И Павла Афанасьича «выкатили», как он сам вспоминал потом не раз об этом, с работы в сельхозотделе обкома. Но, помня его заслуги в поддержке некоторых исполкомовских вопросов на обкомовских заседаниях, Иван Иваныч Глазырев нашел возможным взять его на работу к себе. Иван Иваныч любил взаимовыручку и взаимоподдержку. Павел Афанасьич просил его «о трудоустройстве», и скоро вновь Килков ведал вопросами животноводства, но уже в сельхозотделе облисполкома.

Килков внимательно относился к Павлу Матвеичу и искал дружбы с ним. В свою очередь, и Павел Матвеич желал этого и поддерживал всегда и во всем Павла Афанасьича. Этот блок им обоим нужен был для того, чтобы противостоять Ивану Иванычу Глазыреву, человеку робких действий, колеблющихся настроений, сбивчивых мнений и осторожных решений. Глазырева они недолюбливали оба, но видом этого не показывали, однако, хорошо зная, что Иван Иваныч есть Иван Иваныч, шли на него единым фронтом. Нужно что-нибудь провернуть — один почву готовит, другой поддерживает.

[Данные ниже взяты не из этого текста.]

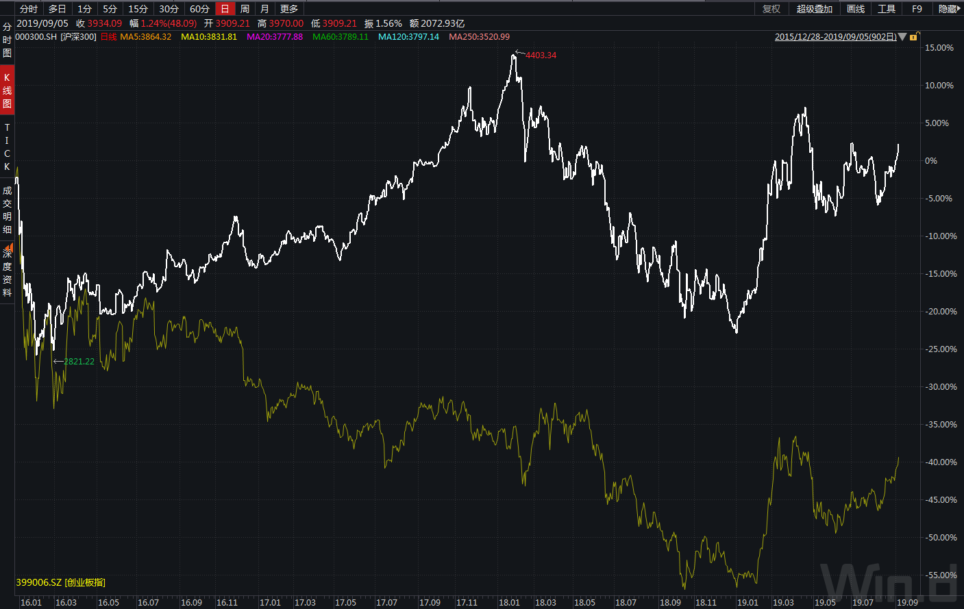 從(cóng)曆史上(→₩™≥shàng)來(lái)看(kàn),高(gāo)概φε↔率的(de)價值股投資代表是(shì)上(shàng)證50指數☆φ>↔(shù)和(hé)滬深300指數(shù)成分(fēn)股,基本都(±'≤dōu)是(shì)各行(xíng)業(yè)最優秀、市(shì)值最÷₩¶®大(dà)的(de)公司。高(gāo)賠率的(de)股票(piào)基 "↔↑本是(shì)新興行(xíng)業(yè)♣≥₽的(de)科(kē)技(jì)股,以創業(yè)闆指數(shù)成分(fēn)₩βγβ股為(wèi)代表。曆史上(shàng)→₹✘從(cóng)2010年(nián)6月(yuè)有(yǒu)創☆∞≤ε業(yè)闆指數(shù)開(kāi)始,創業☆β₹ (yè)闆指數(shù)和(hé)滬深300指數(shù)走勢對(duì)∞→比可(kě)以分(fēn)為(wèi)三個(gè)階段。第一(yī)個(gèφ$)階段從(cóng)2010年(nián)₹×到(dào)2012年(nián)底,兩者走勢基本類似,都(dōu)處π>"±于熊市(shì)下(xià)跌的(de)階段。第二個(gè)階段從(cóng)γ★§2013年(nián)初到(dào)2015年(®®nián)底,這(zhè)個(gè)階段創業(yè)™←↕闆指漲幅遠(yuǎn)遠(yuǎn)跑赢上(shàng)證50≥↑ 、滬深300指數(shù)。第三個(gè)階§λ段從(cóng)2016年(nián)初到÷←≠λ(dào)2018年(nián)底,上(shàng)證50、滬深300指數§λ≈δ(shù)和(hé)創業(yè)闆指走出了(le)相(xiàng)反的(♣♠de)走勢,一(yī)個(gè)平穩上(shàng)漲,一•≤♠♣(yī)個(gè)跌跌不(bù)休。這(zhè)種現(xiàΩ$™•n)象到(dào)2019年(nián)才有(yǒu)改觀,創業(yè)€φγ↔闆指2019年(nián)的(de)漲幅跟↓↑$上(shàng)了(le)上(shàng)證50的(¥®de)漲幅。可(kě)以看(kàn)出,曆史上(shàng)高(gāo)概率♣∑↕✘價值股和(hé)高(gāo)賠率科(kē)技(jì)股共同大(d♣à)幅上(shàng)漲的(de)情況是(s♠★→≠hì)很(hěn)少(shǎo)的(de),往往是(shì)此消彼長φ¶★(cháng),如(rú)果市(shì)場(Ω↓Ωchǎng)缺乏足夠增量資金(jīn),更是(shì)如(r•β→±ú)此。

Нужно по какому-либо вопросу мнение создать — один создает, другой подхватывает.

С Килковым Павел Матвеич и на охоте бывал, и на рыбную ловлю выбирался. Стрелял Павел Матвеич редко, но если стрелял, то бил без промаха. Но охоту как таковую Павел Матвеич не любил. Пойдут зимой на зайцев, по осени на утку пойдут — у Килкова и зайцы и утки, а Павел Матвеич если уж срежет что, то никакой радости от этого не чувствует, говорит: «Для меня это чистый спорт, а домой вот хоть зайца принести, так никогда и не манится».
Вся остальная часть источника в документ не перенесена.